4.6. Future Directions

Future studies can build on the limitations of our model to expand these findings. Even though crucial properties of the BBB are mainly exerted by endothelial cells, BBB functioning relies on complex interactions between endothelial cells, pericytes, astrocytes, and immune cells [73]. As we were not able to evaluate possible interactions between adjacent cells, it would be interesting to observe effects on co-cultured endothelial cells. For example, astrocytes communicate with endothelial cells in multifaceted cell-cell contact influencing cellular physiology [74]. Moreover, there are approaches to co-culture endothelial cells with neurons to assess possible interactions [75]. Besides co-culturing three-dimensional (3D) culturing might be an elucidating approach.
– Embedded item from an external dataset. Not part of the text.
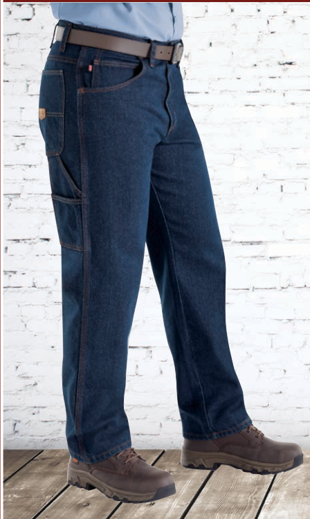
PD80 - Carpenter Styling

Our cell culturing only allows two-dimensional (2D) growth, nonetheless, this does not fully represent the 3D cellular expansion in vivo [76]. 2D culturing inhibits the possibility of cells to build tissue-like assemblies. However, 3D culturing allows cells to grow in a microenvironment allowing them to expand three-dimensionally and interact with surroundings as well as adjacent cells [76]. Captivatingly, Faley et al. already showed that induced pluripotent stem cell-derived human brain microvascular endothelial cells are capable to form confluent 3D monolayers [77], which makes 3D culturing even more attractive.

Additionally, rising attention is paid to diblock PEO-PPO polymers compared to the triblock P188. The structure of diblock polymers modifies the hydrophilic-lipophilic balance possible without changing the molecular weight [78]. Moreover, they have been shown to successfully stabilize impaired membranes in vivo [78]. Therefore, diblock copolymers have the potential to affect multiple chemical and biomedical applications, in compromised cell membranes [78].

5. Conclusions

In this in vitro study, the effect of P188 treatment upon reoxygenation was observed in simulated TBI, applying mild-to-moderate and severe damage. While we were able to see direct protective effects in mild-to-moderate in vitro TBI, supporting our hypothesis, only metabolic activity was influenced by P188 after severe injury. The exact mechanisms underlying endothelial protection and the influence of P188 on interactions with adjacent cells deserve to be further elucidated.